Empty seats are straining Long Beach Unified’s already-thin wallet. Now, amid staff cuts and cost-saving measures aimed at shrinking a large deficit, the school district is also trying to boost attendance, hoping to recoup state funds it’s left on the table in recent years.
Before the COVID-19 pandemic, attendance hovered around 95% to 96%, the district said in a recent budget update, and one in eight students was chronically absent. During and immediately after the pandemic, LBUSD attendance plummeted and chronic absenteeism skyrocketed, reflecting a national trend.
Attendance has improved since then, but numbers never rebounded to pre-pandemic levels.
The district is adjusting to a new normal, where a quarter of students were chronically absent the last two years, according to the California Department of Education. As pressure mounts to increase attendance, educators say they’re being pushed not just to teach but to make sure students are attending class. District leaders, meanwhile, are advocating for changes in the state’s school funding formula, arguing the current system disadvantages large urban districts like Long Beach.
Chronically absent students, who miss at least 10% of instructional days, are a major drag on districtwide attendance, which sits at 93.4% this school year. That’s only a couple of percentage points lower than historic averages, but even seemingly small dips in attendance have big implications. With each percentage drop, the district loses $8 million annually in state funding, according to Superintendent Jill Baker.
Low attendance is compounded by decreasing enrollment (LBUSD has lost more than 16,000 students — and significant state funding — in the last decade). Now, the district is operating at a $70 million deficit and searching the couch cushions for change. Attendance is “the most positive and effective means of addressing the District’s financial situation,” Baker and Yumi Takahashi, the district’s chief business and financial officer, said in a recent memo addressed to members of the board of education.
The new “You Belong!” campaign “centers on the message that students belong in school every day” and includes competitions and rewards to incentivize attendance, as well as an interactive attendance tracker, a spokesperson for the district said. The messaging is intended for students and parents, she said, yet teachers said they’re urged to boost attendance, too.
“We’re hearing it at every staff meeting,” said a special education teacher who requested to remain anonymous for fear of blowback. She regularly sends notes home, emphasizing the importance of kids being present, but “it’s so frustrating” to be “tasked with” boosting attendance, she said, because “I have zero control over whether a kid comes to school on a given day.”

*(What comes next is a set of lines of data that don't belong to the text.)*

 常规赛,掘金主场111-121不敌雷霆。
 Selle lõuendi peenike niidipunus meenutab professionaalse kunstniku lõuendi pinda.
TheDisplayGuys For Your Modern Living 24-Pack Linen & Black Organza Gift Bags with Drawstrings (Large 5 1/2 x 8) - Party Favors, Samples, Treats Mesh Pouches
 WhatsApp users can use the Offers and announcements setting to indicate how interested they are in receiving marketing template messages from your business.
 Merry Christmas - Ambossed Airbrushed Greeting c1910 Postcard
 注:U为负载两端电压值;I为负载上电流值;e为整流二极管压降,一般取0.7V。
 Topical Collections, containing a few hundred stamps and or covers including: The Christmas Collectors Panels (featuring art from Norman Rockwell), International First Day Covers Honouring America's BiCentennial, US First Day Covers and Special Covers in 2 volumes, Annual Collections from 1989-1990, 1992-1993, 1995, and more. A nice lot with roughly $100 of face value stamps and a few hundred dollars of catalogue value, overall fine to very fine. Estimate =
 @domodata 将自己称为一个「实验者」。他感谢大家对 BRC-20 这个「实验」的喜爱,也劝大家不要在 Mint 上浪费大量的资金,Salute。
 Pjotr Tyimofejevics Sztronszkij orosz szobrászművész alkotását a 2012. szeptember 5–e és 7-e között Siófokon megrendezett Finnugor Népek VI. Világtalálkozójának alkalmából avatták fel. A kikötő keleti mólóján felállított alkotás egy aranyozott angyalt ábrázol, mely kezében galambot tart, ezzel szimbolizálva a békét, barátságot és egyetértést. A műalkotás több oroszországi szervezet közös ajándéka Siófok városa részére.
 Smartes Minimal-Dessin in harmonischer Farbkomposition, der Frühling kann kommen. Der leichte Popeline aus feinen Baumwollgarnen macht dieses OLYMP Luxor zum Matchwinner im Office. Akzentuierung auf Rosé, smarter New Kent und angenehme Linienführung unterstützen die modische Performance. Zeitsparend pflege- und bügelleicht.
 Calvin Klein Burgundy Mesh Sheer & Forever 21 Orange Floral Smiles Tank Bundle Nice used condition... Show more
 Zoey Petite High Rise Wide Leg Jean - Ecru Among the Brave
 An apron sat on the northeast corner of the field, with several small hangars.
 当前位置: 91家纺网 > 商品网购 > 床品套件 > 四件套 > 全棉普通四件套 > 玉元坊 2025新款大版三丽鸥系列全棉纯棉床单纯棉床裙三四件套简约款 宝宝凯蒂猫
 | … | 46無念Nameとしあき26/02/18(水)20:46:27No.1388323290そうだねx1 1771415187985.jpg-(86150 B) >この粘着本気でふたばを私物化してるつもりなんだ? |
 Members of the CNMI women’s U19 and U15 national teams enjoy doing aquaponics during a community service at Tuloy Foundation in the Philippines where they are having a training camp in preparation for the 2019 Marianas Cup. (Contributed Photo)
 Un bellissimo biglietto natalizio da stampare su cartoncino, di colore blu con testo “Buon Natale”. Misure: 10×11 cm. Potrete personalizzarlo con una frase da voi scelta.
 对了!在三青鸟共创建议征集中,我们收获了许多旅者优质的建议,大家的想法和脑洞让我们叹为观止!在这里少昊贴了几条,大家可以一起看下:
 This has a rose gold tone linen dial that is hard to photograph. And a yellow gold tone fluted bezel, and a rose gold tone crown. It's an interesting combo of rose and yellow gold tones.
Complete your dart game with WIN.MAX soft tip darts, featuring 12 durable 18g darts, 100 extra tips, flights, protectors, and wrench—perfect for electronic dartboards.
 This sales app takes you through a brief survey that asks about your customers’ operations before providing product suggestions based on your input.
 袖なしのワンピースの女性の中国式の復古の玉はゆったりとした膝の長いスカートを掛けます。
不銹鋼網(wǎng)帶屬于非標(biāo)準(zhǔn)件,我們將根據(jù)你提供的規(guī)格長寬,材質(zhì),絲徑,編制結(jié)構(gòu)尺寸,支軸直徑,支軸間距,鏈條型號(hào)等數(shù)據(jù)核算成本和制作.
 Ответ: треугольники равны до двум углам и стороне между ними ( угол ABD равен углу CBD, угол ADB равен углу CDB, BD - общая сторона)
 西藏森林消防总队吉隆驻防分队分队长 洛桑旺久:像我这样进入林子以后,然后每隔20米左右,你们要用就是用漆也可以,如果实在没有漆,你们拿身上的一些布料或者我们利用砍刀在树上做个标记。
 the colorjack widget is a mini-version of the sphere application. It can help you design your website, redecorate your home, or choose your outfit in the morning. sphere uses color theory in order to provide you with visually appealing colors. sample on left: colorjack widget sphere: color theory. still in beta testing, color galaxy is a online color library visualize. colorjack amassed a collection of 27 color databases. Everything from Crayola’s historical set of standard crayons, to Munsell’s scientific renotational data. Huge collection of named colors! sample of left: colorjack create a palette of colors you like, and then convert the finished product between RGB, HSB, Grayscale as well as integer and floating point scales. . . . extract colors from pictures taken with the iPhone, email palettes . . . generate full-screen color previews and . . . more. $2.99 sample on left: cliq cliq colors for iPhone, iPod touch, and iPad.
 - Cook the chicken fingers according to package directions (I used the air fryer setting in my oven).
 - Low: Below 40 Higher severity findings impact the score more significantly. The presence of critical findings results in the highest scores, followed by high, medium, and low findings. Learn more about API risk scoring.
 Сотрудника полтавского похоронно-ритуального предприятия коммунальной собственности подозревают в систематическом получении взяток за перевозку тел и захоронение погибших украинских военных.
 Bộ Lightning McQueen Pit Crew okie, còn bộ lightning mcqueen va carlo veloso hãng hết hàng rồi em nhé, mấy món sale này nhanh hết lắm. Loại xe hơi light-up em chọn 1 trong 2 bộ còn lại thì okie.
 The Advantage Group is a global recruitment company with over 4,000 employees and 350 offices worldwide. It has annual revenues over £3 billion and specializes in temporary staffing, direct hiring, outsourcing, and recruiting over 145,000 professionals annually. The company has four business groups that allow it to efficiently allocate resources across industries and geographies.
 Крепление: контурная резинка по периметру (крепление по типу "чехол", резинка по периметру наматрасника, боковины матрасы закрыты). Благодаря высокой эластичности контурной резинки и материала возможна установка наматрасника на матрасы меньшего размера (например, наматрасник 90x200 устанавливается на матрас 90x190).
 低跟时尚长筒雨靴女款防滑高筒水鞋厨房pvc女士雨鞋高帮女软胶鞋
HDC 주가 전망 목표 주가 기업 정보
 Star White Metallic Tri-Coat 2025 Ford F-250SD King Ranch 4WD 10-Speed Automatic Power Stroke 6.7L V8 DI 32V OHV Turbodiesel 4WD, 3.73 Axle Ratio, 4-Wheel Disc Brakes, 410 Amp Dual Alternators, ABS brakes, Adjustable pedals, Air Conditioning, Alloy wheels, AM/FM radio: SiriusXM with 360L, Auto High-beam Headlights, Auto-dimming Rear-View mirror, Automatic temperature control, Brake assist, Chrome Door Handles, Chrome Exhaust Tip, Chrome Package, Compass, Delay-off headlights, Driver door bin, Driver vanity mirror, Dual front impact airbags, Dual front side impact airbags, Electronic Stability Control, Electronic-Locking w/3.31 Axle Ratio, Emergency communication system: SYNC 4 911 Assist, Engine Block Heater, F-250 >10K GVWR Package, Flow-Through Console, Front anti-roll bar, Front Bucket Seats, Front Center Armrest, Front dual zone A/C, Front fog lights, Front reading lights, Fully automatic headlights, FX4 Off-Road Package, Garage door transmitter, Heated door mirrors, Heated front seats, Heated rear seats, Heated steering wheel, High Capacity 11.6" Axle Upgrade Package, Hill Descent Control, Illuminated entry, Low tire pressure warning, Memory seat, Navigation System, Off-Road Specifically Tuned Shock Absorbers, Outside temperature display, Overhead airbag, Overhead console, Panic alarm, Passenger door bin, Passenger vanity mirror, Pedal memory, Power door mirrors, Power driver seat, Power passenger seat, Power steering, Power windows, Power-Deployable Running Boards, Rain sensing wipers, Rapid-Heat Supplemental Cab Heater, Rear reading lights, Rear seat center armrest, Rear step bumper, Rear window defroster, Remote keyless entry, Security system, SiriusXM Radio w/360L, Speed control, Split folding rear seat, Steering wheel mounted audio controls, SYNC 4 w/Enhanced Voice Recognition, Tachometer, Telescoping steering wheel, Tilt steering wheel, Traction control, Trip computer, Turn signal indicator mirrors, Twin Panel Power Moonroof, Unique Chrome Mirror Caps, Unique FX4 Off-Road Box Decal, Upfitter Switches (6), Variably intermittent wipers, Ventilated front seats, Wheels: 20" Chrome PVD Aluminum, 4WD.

Some schools have begun offering incentives to students with high attendance. But the students winning awards are already present, the special education teacher said, while those who most need support, “the person who’s really, really struggling to get their kid here on time on a regular basis,” won’t even be in the running.
Repeatedly telling students to show up does not seem to be working, she said and floated the idea of an attendance policy “with more teeth.” Yet punitive truancy policies of the past may not be productive, she said: “The old teeth don’t really fit anymore.” Nor are they legal. A new state law, which took effect this month, removes jail time and fines for parents of truant students.
Susan Scott, a first-grade teacher at Fremont Elementary, described what she called a “monumental shift” after the pandemic: “The public’s mind is that it doesn’t matter if you’re at school every day,” she said.
Teachers are under enormous pressure to get kids in school, but that pressure is “in the wrong place,” said Scott. Teachers have little control over whether kids attend, Scott said, yet their pay and resources are affected as a result of tightening budgets. In California, schools receive a cost-of-living adjustment from the state, but the state withholds some money when attendance is below 100%. “The whole funding mechanism needs to be changed,” Scott said.
In December, the Public Policy Institute of California published a report examining potential updates to the state’s school funding formula. The report’s authors found that allocating funds by enrollment rather than attendance would benefit high-need districts.
That same month, superintendents of eight major urban California school districts (including Long Beach Unified) sent a letter to Gov. Gavin Newsom urging him to increase funding to public education. The letter expressed concerns over decreasing enrollment, disruptions from immigration raids, federal funding cuts and economic hardship, which the superintendents said their districts are feeling acutely.
Yet the state’s nonpartisan policy advisor, the Legislative Analyst’s Office, recommended continuing to allocate funds based on attendance.
At the local level, improving attendance could recover state money the district “leaves on the table” due to low numbers, teachers union president Gerry Morrison said. In its recently ratified contract, the union created an attendance committee with the district, whose response to absences has been inadequate, Morrison said. He proposed collaborating with city agencies to encourage students to show up.